The last several months may have seen some of the fastest wealth creation at any meaningful scale ever witnessed around the blockchain community. This is especially poignant in that—unlike private market investing—the opportunity has been open to almost anyone, and the returns can be converted to dollars.

If this were just some casino game, it would be easily lost to a footnote in history. But the blockchains whose token values are exploding are fundamentally networks, and that makes all the difference.

To the extent that blockchains, like predecessor networks, are valuable in relation to their scale, these moments of wealth creation attract more participants, which creates more liquidity and value. Growth begets more growth—not just for messenger apps, but also for more sophisticated forms of human exchange.  

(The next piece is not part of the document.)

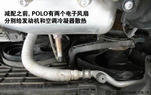 減配之前的POLO車(chē)前有一大一小兩個(gè)風(fēng)扇,一個(gè)是專門(mén)給發(fā)動(dòng)機(jī)水箱降溫的大風(fēng)扇,一個(gè)是專門(mén)給空調(diào)冷凝器降溫的小風(fēng)扇。減配之后,只剩下一個(gè)大風(fēng)扇,能夠同時(shí)給兩處提供散熱。

Setting aside network math, the wealth effect of appreciating tokens has a meaningful impact all on its own. I have noted this in myself and several friends who have been investing in and around the ecosystem. The people building and investing in the infrastructure around these projects are far more willing to invest more, thanks to gains in value. A lot of people now have the economic staying power and incentive to continue to help open up the ecosystem for the long term.  

The 2017 Story

We are in a period of clear exuberance about blockchains. It is extremely likely that there will be another major correction at some point, not unlike the correction after the 2013 end-of-year runup—at least in some tokens and platforms.

There is also real infrastructure to be built—binding the crypto world to real-world assets, resolving regulatory questions, and learning as groups how to collaborate and healthily disagree in hyperdemocratic (or not) blockchain organizations. This is all in addition to the growth necessary for wide acceptance of tokens as a medium of exchange, and broad acknowledgement of value in the case of things like Bitcoin.  

All that said, when you step back, it is hard to not acknowledge major steps forward in blockchains moving from being a fascinating idea to a very real and powerful platform on which great things are being built.

Platforms that are built ahead of a clear primary use case usually fail to gain adoption, but it may be that we are witnessing a critical exception.

Sam has active investments in bitcoin, ethereum, ripple, several other crypto-currencies and several enabling technologies.